Exteriormente: el trato con los demás. Constantemente contamos a «los otros» todas nuestras grandezas y excelencias, poniendo un velo tan tupido a «lo otro» que acabamos por olvidarlo nosotros mismos. Esta aureola hemos de mantenerla en nuestra cabeza cueste lo que cues­te. Y así funciona el trato: diciéndonos cosas amables los unos a los otros, haciendo ver que apreciamos para que se nos aprecie. Do ut des. Aquí resuenan como un trallazo aquellas palabras fulminantes: ¿Cómo podréis creer en Mí los que andáis buscando vuestra gloria los unos de los otros?
Si te sientes traidor, poco o mucho, lo primero que te conviene (me parece) es encontrar a otro que se sienta aquejado del mismo mal. Y comunicaros mutuamente las propias traiciones.

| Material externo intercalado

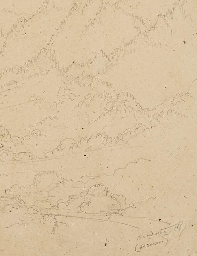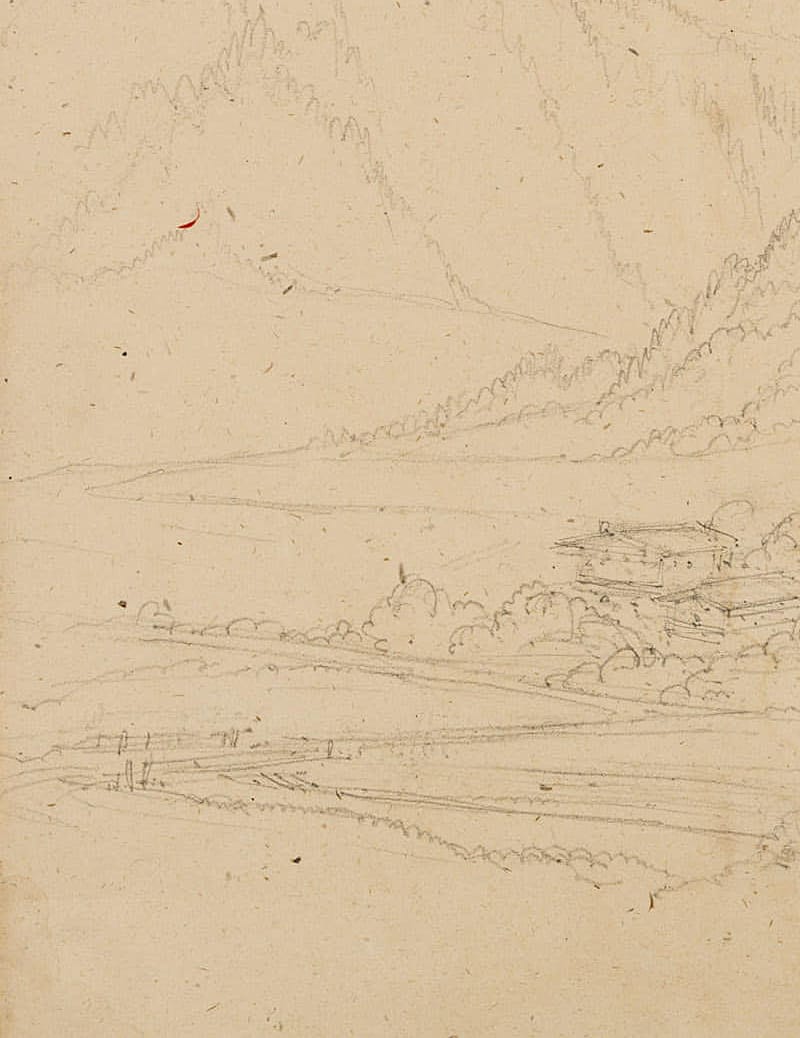 From a scrapbook with travel sketches by the artist. “Esquisses faites par le Baron Edmond de Bretenières feudant les voyages en Suisse” (Sketches made by Baron Edmond de Bretenieres during his travels in Switzerland).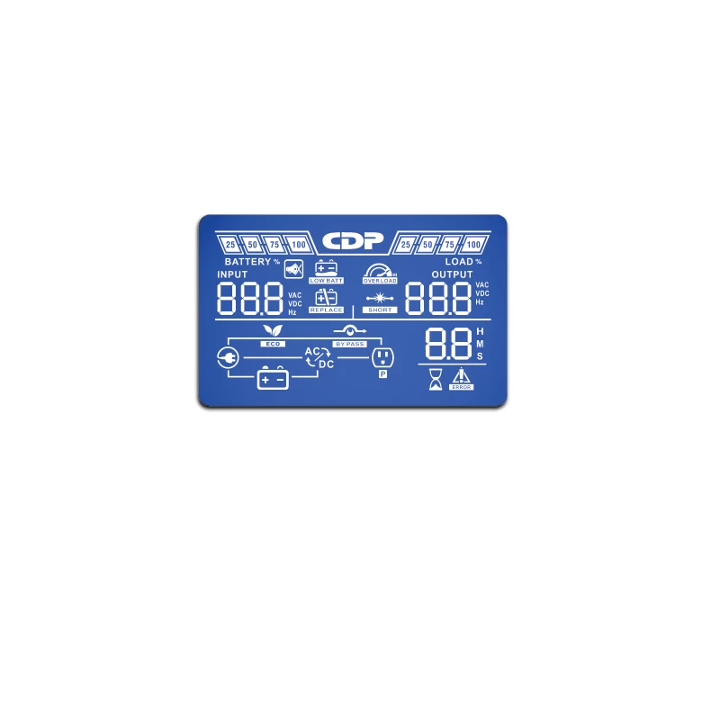 CDP UPO11-2RT kVA. Topología UPS: Doble conversión (en línea), Capacidad de potencia de salida (VA): 2 kVA, Potencia de salida: 1800 W. Tipo de salida AC: NEMA 5–15R, Conector: NEMA 5-20P, Cantidad de salidas AC: 8 salidas AC. Tecnología de batería: Plomo-ácido, Capacidad de la batería: 12 Ah, Voltaje de la pila: 7 V. Factor de forma: Montaje en rack/Torre o Montaje en bastidor/Torre, Color del producto: Negro, Material de la cubierta: Metal. Certificados de cumplimiento: RoHS

Aquí viene como anillo al dedo, pero al revés, aquel cuento moral (sic) tan imbécil de «La manzana podrida». Las manzanas originalmente son sanas, y el mal les viene de fuera; por esto hay que preservarlas. Pero las personas no somos manzanas. Los hombres estamos agusana­dos originariamente, incluso los niños más pequeños; y la sanidad, que es Jesús, nos viene de fuera. Pero Jesús quiere que su sanidad llegue a los hombres a través de otros hombres como una epidemia salutífera que «se pega» de unos a otros. Y lo único que nos pide es que no le ne­guemos a Él y que nos neguemos a nosotros mismos (que no son dos cosas, sino una sola). Por esto hemos de comunicarnos unos a otros nuestras traiciones, para traicionar cada vez menos. Si no hablamos nunca de ellas las llegamos a olvidar, y esto es catastrófico, pues nos conduce al fariseísmo más repugnante. Si hablamos de ellas la vista se nos aclara, la humildad funciona, y con ella el germen de salud que provocará un nuevo milagro de Jesús, sanando una manzana podrida.

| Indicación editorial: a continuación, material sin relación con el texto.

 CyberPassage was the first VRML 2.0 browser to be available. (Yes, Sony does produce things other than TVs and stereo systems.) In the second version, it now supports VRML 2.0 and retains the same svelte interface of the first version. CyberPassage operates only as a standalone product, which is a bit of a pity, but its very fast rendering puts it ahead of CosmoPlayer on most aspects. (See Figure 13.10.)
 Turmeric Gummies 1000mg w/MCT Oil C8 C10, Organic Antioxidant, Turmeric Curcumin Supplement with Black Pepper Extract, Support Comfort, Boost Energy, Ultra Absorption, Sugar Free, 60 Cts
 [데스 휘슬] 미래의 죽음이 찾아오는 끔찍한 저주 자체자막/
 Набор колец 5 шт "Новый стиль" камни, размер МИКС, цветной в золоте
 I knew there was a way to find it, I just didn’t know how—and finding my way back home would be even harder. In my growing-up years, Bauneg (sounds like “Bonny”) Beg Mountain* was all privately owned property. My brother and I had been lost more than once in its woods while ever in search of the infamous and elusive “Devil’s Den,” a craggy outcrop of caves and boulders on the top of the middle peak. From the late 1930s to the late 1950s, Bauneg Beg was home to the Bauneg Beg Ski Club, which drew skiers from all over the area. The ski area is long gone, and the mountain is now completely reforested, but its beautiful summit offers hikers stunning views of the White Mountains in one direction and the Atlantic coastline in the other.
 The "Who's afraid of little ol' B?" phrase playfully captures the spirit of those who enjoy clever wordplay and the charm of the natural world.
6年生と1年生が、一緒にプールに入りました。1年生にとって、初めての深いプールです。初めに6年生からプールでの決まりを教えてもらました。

¡Quién sabe si unos grupos de traidores conscientes de su propia traición y abominándola, deseosos de seguir a Jesús sin imponerle nuestros métodos, podrán desviar la marcha de la sociedad actual, pa­sando del camino de la traición hipócrita y «canonizada» al camino de la traición reconocida y penitente!
El escribir estas páginas ha sido doloroso y bienhechor para mí; todo a un tiempo. Y ahora, al terminar, siento el aliviador descanso que proporciona una buena purga. Ya sé que este ejemplo es asquero­so, pero es que la materia de que aquí se trata lo es todavía más.

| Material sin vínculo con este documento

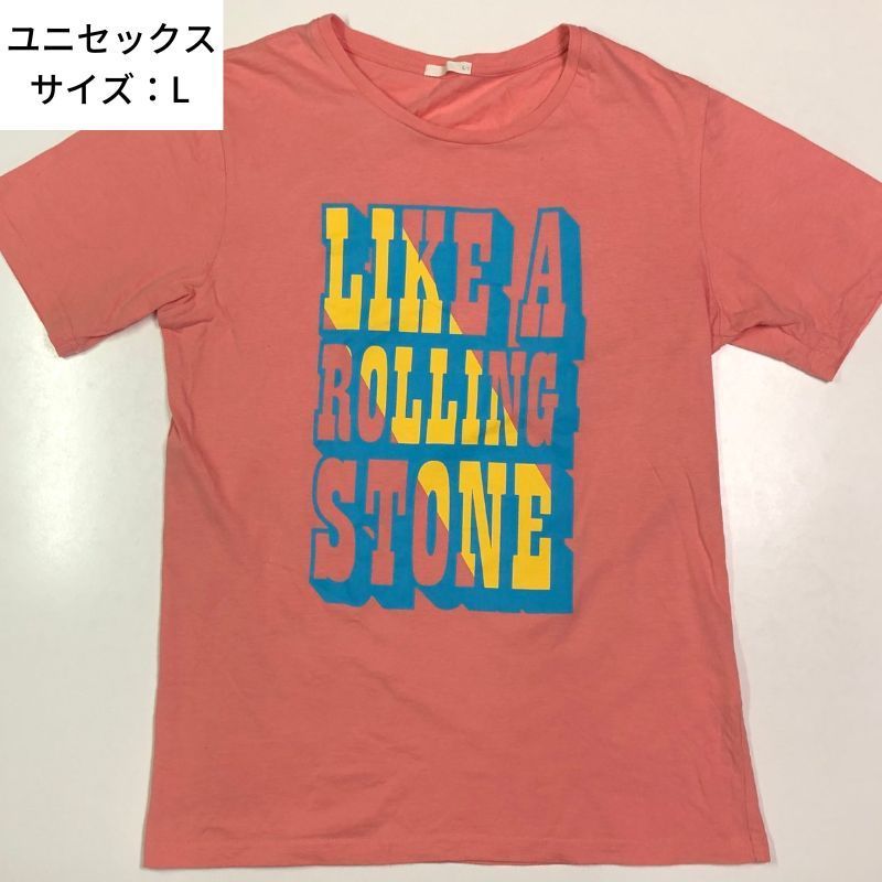 > GU Tシャツ Lサイズ LIKE A ROLLING STONE 夏物 夏服 夏フェス ロックTシャツ ローリングストーン ピンク 古着

Pero me he quedado a la mitad de camino.
Quiero decir, lector querido, que también te reconoces traidor, que yo te he contado mis traiciones, pero falta que tú me cuentes las tuyas.
Entonces sí que podríamos abrazarnos fuerte, muy fuerte, que los corazones latieran al unísono uno junto al otro; tan fuerte, tan fuerte que ambos corazones se fundieran en uno solo... con el Corazón de Cristo. Ya que Jesús nos ama tal como somos, y no nos pide más que tomemos conciencia de nuestras traiciones para aborrecerlas y seguir­le a Él. ¿Seguirle adonde? A la derecha del Padre. ¡Esto da vértigo!
Asesinos de Jesús con nuestros pecados; ladrones de la gloria de Dios con nuestra soberbia; traidores integrales y ejemplo de todas las ba­jezas, unamos nuestro llanto y elevemos muy alto nuestro grito triunfal:
¡Jesús es nuestro Dios!
Con el Padre y el Espíritu Santo:
¡El único Dios!»

Guillermo RovirosaEl primer traidor cristiano: Judas de Keriot, el apóstol. 1959.